Шрифт:
Интервал:
Закладка:
Все это так далеко во времени и пространстве, что нынче я, невидимый, начинаю сомневаться: а было ли это взаправду? Потом перед моим мысленным взором возникает отлитый в бронзе Основатель колледжа, холодный отеческий символ, который впечатляющим жестом вытянутых рук приподнимает завесу, что прочными металлическими складками скрывает лицо коленопреклоненного раба; а я замираю в недоумении, силясь понять, будет ли сдернута эта завеса или же, наоборот, приспущена, дабы прочно прирасти к месту; и что здесь происходит: откровение через видение или бесповоротное ослепление? И пока я таращу глаза, раздается шорох крыльев и передо мной проносится стая драчливых скворцов, а когда я вглядываюсь сызнова, по бронзовому лицу, которое незнамо как смотрит на мир пустыми глазами, стекает белесая щелочь, порождая очередную загадку для моего пытливого ума: почему обгаженный птицами памятник внушительней чистого?
О, зеленые просторы кампуса; О, тихие песни в сумерках; О, луна, что лобзала шпиль колокольни, освещая благоуханные ночи; О, горн, трубивший зарю; О, барабан, по-армейски отбивавший ритм на плацу: что было реальностью, что твердью, что праздной и более чем приятной мечтой? Как могло это быть настоящим, если нынче я невидим глазу? Если это реальность, почему на всем том зеленом острове не вспоминается мне ни один фонтан, кроме неисправного, проржавевшего, иссякшего? И почему сквозь мои воспоминания не льется дождь, память мою не пронзает звук, а влага бессильна против твердой, сухой коросты совсем еще недавнего прошлого? Почему вместо запаха набухших по весне семян мне вспоминается только вонь желтых нечистот, выплеснутых на мертвую газонную траву? Почему? Как же так? Как же так и почему?

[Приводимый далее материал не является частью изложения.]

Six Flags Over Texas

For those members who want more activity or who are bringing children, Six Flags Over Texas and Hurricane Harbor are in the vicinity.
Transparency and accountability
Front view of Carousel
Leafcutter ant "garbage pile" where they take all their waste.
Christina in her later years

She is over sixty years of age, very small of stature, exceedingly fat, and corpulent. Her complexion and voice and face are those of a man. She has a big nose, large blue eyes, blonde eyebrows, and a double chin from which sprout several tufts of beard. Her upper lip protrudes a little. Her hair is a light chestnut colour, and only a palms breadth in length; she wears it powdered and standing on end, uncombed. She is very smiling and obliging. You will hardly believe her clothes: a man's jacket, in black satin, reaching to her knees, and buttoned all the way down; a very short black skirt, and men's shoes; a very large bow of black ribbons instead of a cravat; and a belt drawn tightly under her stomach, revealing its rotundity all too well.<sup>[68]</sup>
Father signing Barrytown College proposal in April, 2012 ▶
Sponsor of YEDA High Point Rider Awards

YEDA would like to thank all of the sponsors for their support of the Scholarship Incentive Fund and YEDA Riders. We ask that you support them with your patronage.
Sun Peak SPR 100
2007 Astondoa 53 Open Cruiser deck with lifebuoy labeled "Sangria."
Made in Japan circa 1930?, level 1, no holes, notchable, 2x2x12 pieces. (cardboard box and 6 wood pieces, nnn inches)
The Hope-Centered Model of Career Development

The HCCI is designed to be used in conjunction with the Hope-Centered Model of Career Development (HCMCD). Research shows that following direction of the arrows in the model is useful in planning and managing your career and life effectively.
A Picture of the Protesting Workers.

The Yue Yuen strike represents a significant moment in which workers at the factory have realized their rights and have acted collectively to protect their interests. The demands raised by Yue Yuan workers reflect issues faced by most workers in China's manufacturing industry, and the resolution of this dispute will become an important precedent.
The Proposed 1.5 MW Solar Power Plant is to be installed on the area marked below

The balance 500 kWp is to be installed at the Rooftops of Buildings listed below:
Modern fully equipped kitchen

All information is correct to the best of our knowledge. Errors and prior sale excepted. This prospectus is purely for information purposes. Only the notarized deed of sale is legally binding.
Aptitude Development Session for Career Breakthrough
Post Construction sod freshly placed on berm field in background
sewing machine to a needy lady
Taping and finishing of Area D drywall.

Но траве полагалось прорастать, деревьям — одеваться листвой, а дорожкам — погружаться в тень и прохладу так же исправно, как миллионерам — по весне приезжать с Севера на День Основателя. Это надо было видеть! Каждый появлялся с улыбкой, инспектировал, поощрял, вел приглушенные разговоры, произносил речь, которую ловили наши черные и желтые ушные раковины, — и каждый перед отъездом оставлял солидный чек. Я убежден: за всем этим стояла неуловимая магия, алхимия лунного света; кампус превращался в цветущий луг, валуны уходили под землю, суховеи прятались, а забытые сверчки стрекотом подзывали желтых бабочек.

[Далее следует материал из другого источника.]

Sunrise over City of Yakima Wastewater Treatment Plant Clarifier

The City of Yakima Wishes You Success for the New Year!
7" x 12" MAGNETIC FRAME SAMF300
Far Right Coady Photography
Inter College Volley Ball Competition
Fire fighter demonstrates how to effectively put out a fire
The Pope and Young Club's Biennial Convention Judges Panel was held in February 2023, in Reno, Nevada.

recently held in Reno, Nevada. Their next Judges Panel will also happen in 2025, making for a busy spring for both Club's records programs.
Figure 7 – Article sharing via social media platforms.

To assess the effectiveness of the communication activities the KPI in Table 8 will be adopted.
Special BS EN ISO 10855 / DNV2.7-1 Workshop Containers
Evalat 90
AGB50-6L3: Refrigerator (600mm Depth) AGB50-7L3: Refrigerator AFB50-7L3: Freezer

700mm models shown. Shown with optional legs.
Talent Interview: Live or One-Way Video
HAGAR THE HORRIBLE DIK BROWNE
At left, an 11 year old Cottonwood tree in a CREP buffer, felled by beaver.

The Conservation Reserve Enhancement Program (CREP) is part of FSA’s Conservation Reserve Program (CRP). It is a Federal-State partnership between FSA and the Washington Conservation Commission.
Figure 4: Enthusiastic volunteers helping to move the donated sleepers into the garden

И ох-ох-ох уж эти мне мультимиллионеры!
Все они настолько срослись с той, другой жизнью, которая теперь мертва, что я уже не могу восстановить их в памяти. (Время было таким же, как я, однако ни того времени, ни того «я» больше нет.) Вспоминается только один: в конце третьего курса мне поручили в течение недели возить его по кампусу. Лицо розовое, как у святого Николая, на макушке шелковисто-белый хохолок. Раскованные, непринужденные манеры, даже в общении со мной. Уроженец Бостона, любитель сигар, знаток безобидных негритянских анекдотов, успешный банкир, даровитый ученый, директор, филантроп, четыре десятка лет несущий бремя белых и шесть десятков лет — символ Великих Традиций.
Мы разъезжали по аллеям; мощный движок рокотал, наполняя меня гордостью и тревогой. В салоне пахло мятными пастилками и сигарным дымом. Студенты задирали головы и, признав меня, улыбались, а мы неспешно ехали дальше. Я только что пообедал и наклонился вперед, чтобы сдержать отрыжку, но случайно задел кнопку на руле — и отрыжку заглушил громкий, пронзительный вой клаксона. Все взгляды устремились на нас.
— Виноват, сэр, — сказал я, беспокоясь, как бы он не настучал президенту колледжа, доктору Бледсоу — тот мигом отстранил бы меня от вождения.
— Ничего страшного. Абсолютно ничего страшного.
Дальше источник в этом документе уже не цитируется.